*** Data block Section Begins ***

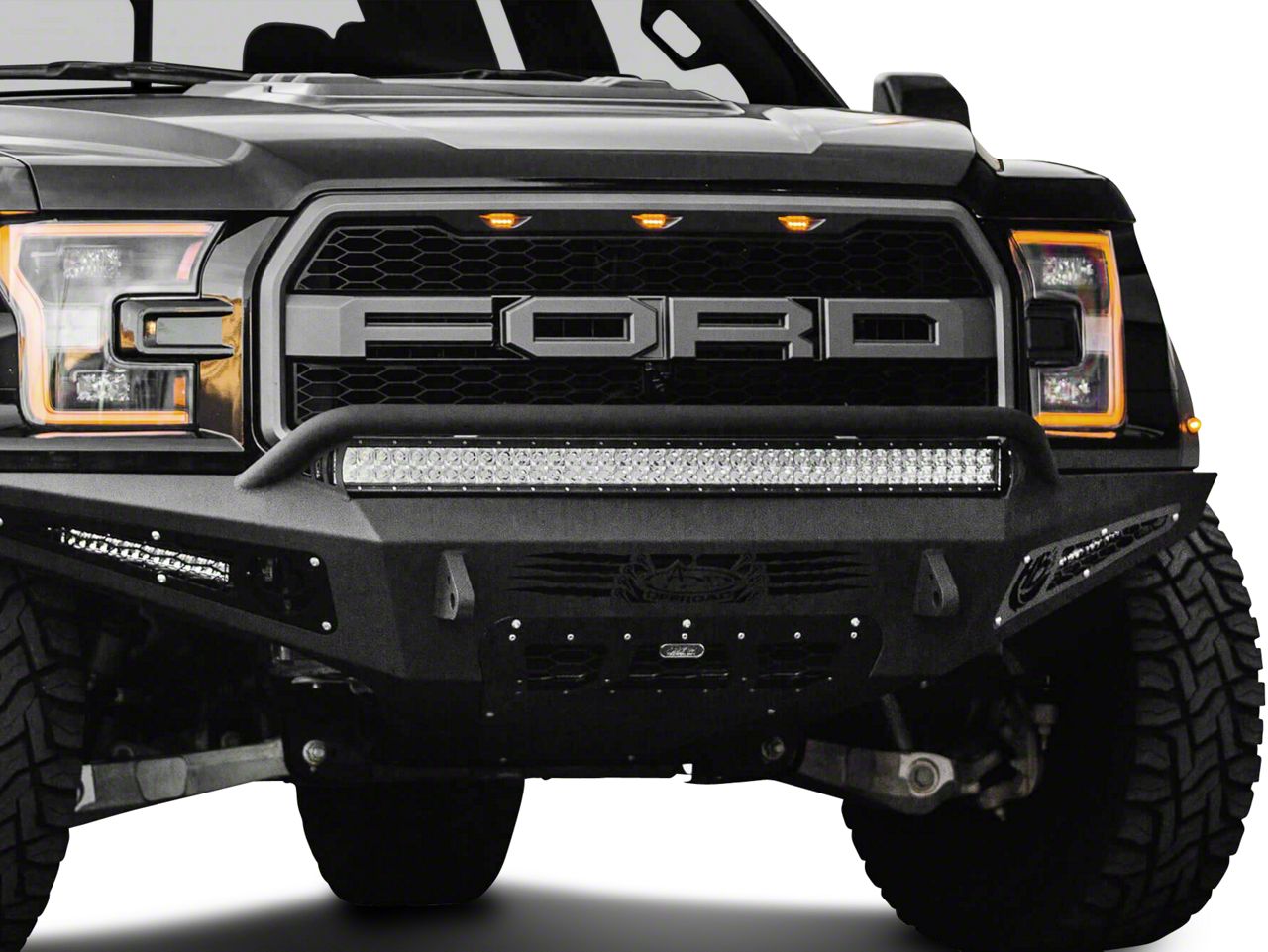 Application. Addictive Desert Designs' HoneyBadger Front Bumper fits all 2017-2020 Ford F-150 Raptors.
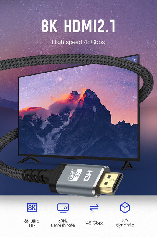 Gold Plated DOEL 8K HDMI Cable 2.1 Version 60/120hz Connector 48Gbps-2M/6.5Feet
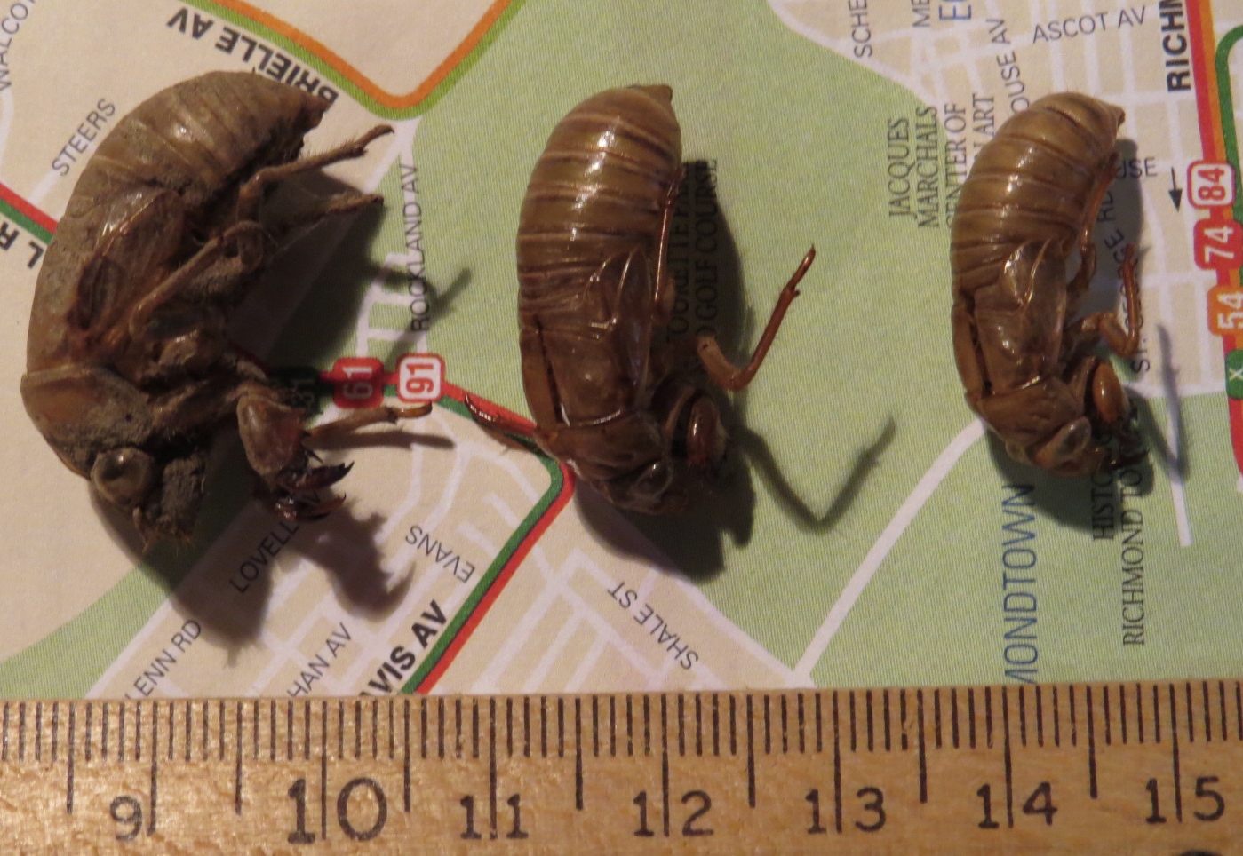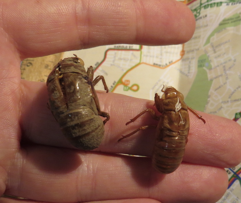 Tibicen on the left. A bigger animal in every way. Center and right are Magicicada. Note the slight size differential between these two Magicicada husks. I can’t tell the husks apart, but there are three species expected on Staten Island: M. septendecim, M.cassini, M, septendecula. This is the guide I’m using for the adults. They all have different songs.

*** Data block Section Ends ***

● **Task objective**
Output the whole listing without change. Any picture is to be left out.

● **Answer box**
 Application. Addictive Desert Designs' HoneyBadger Front Bumper fits all 2017-2020 Ford F-150 Raptors.
 Gold Plated DOEL 8K HDMI Cable 2.1 Version 60/120hz Connector 48Gbps-2M/6.5Feet
 Tibicen on the left. A bigger animal in every way. Center and right are Magicicada. Note the slight size differential between these two Magicicada husks. I can’t tell the husks apart, but there are three species expected on Staten Island: M. septendecim, M.cassini, M, septendecula. This is the guide I’m using for the adults. They all have different songs.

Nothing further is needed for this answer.